----- TASK INPUT -----

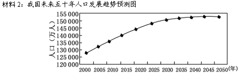 (1)材料1和材料2反映现阶段我国的人口自然增长模式属于__型,我国人口将先后迎来___、___、____等三大高峰。
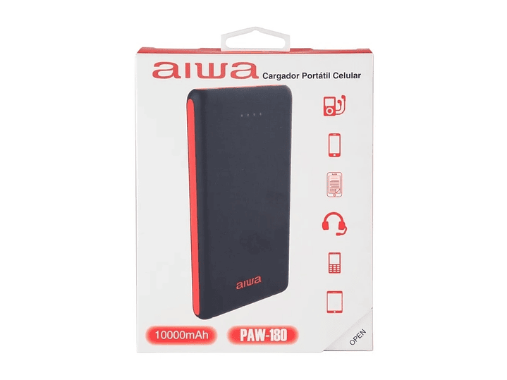 Aiwa Power Bank PAW-180 de 10.000 mAh Recargable es su solución pequeña, rápida y portátil para liberarse del enchufe de pared y mantener sus dispositivos móviles funcionando en todo momento, es compatible con ipod, celulares android, iPhone, audífonos, tablets. Podrás cargar cualquiera de tus accesorios en cualquier hora del día.
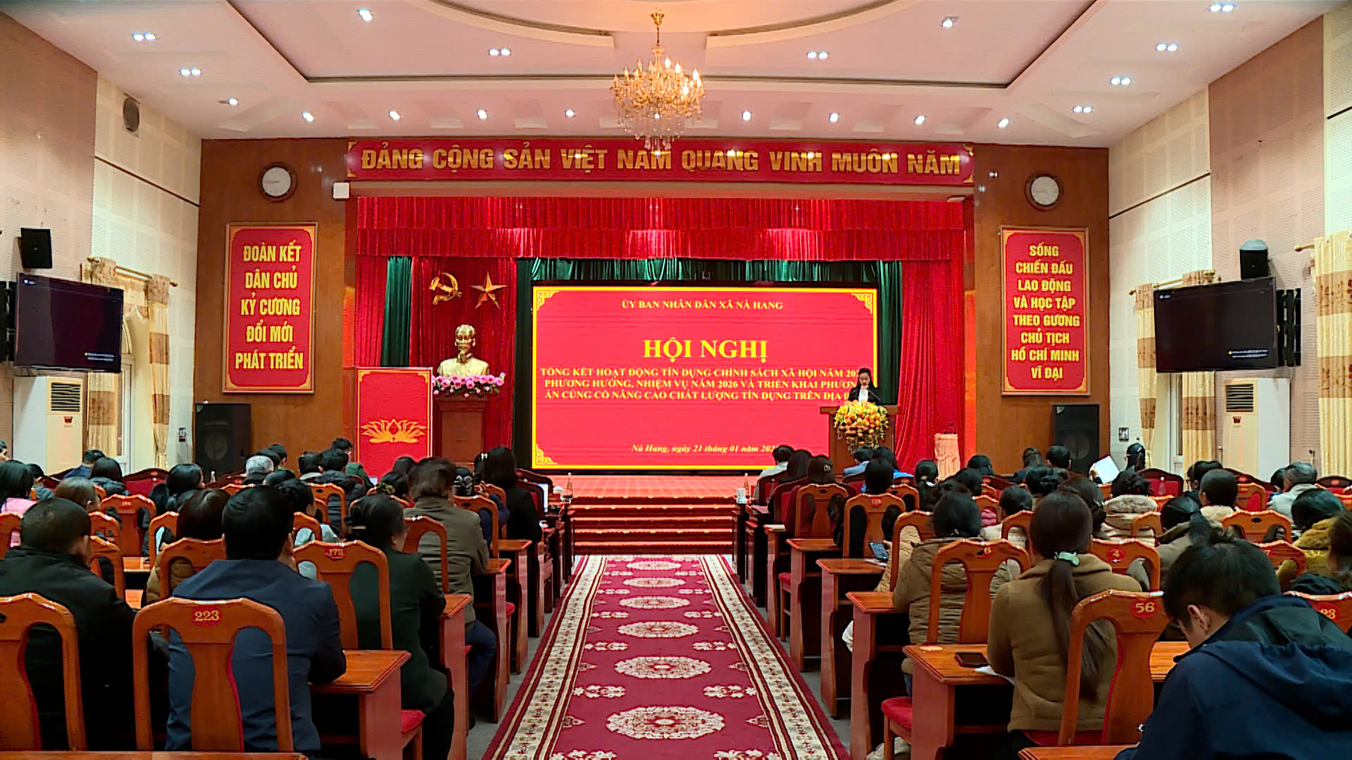 Sáng ngày 21/01, Uỷ ban nhân dân xã Nà Hang tổ chức Hội nghị tổng kết hoạt động tín dụng chính sách xã hội năm 2025; triển khai phương hướng, nhiệm vụ năm 2026. Dự hội nghị có các đồng chí: Đỗ Ngọc Tuấn, Phó Giám đốc Chi nhánh Ngân hàng Chính sách xã hội tỉnh Tuyên Quang; Âu Thế Thái, Tỉnh ủy viên, Bí thư Đảng ủy xã; Bùi Thị Xuyên, Phó Bí thư Đảng ủy, Chủ tịch Uỷ ban nhân dân xã; lãnh đạo Hội đồng nhân dân, Uỷ ban nhân dân, Ủy ban Mặt trận Tổ quốc xã; lãnh đạo Phòng giao dịch Ngân hàng Chính sách xã hội Na Hang; các tổ chức chính trị – xã hội nhận ủy thác và đại diện các thôn trên địa bàn.
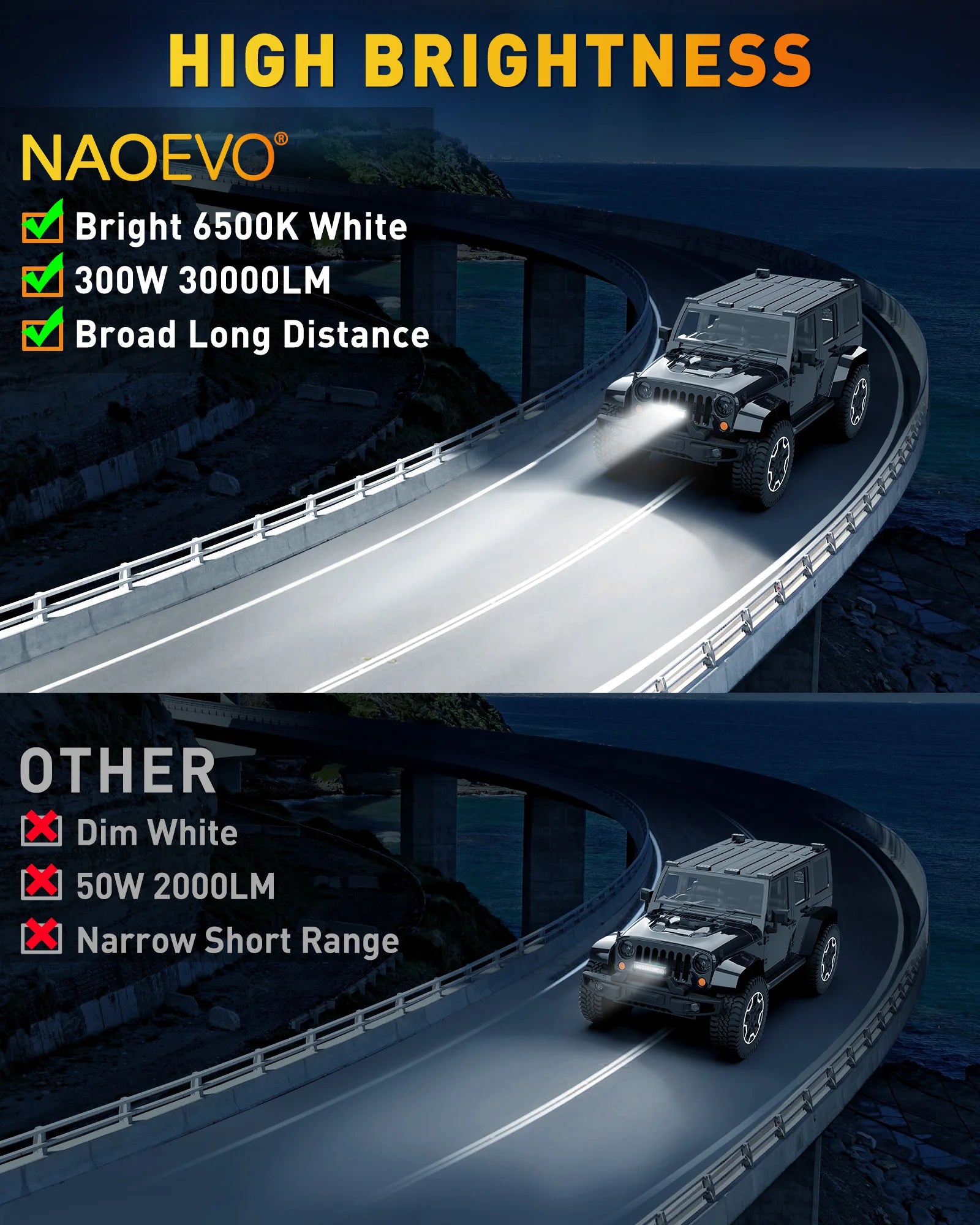 ●White light can be used as driving lights or work lights.
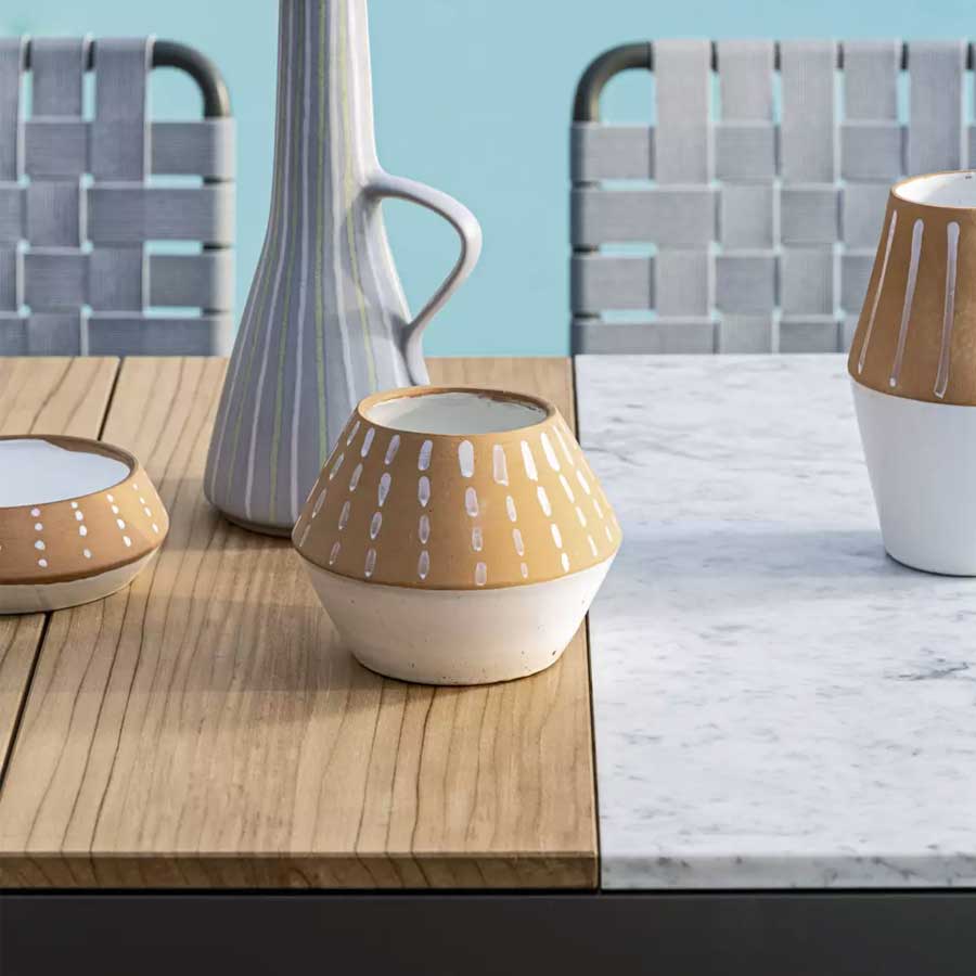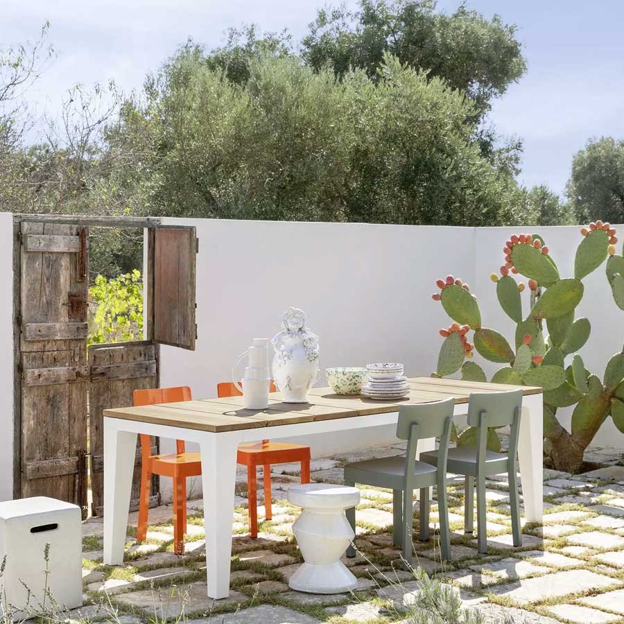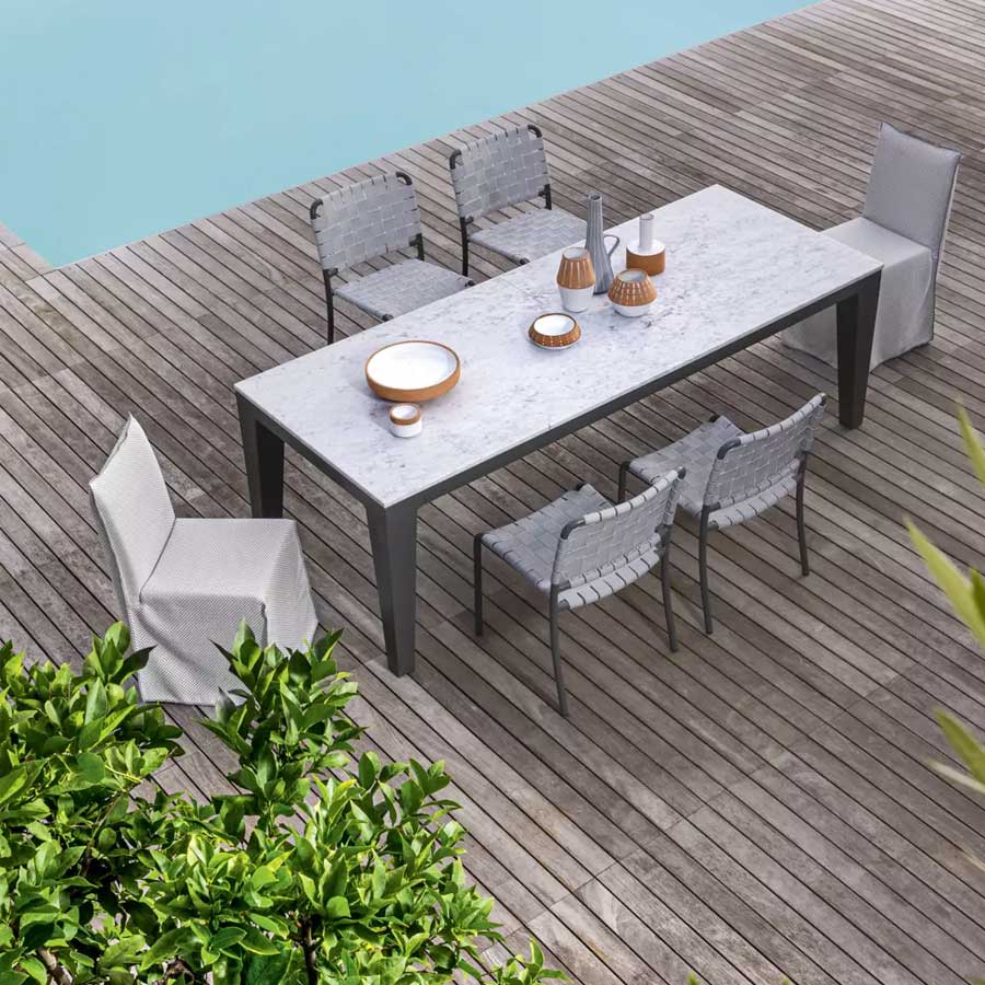 A family of tables that are born from the union of different materials, the Inout 143/144 has a rectangular top and is available in different sizes. Made up of an aluminum structure painted matt white, gray, or sage, they have the top available in different finishes: with natural teak staves, fixed or extendable, in white Carrara marble, fixed or extendable (with teak staves) or gray porcelain stoneware, giving rise to a product of extreme versatility.

-----

[WHAT IS REQUIRED] No pictures should appear in the copy, which holds exactly the lines from the first line of the data through the line with "Aiwa Power Bank" and nothing else.

[OUTPUT]
 (1)材料1和材料2反映现阶段我国的人口自然增长模式属于__型,我国人口将先后迎来___、___、____等三大高峰。
 Aiwa Power Bank PAW-180 de 10.000 mAh Recargable es su solución pequeña, rápida y portátil para liberarse del enchufe de pared y mantener sus dispositivos móviles funcionando en todo momento, es compatible con ipod, celulares android, iPhone, audífonos, tablets. Podrás cargar cualquiera de tus accesorios en cualquier hora del día.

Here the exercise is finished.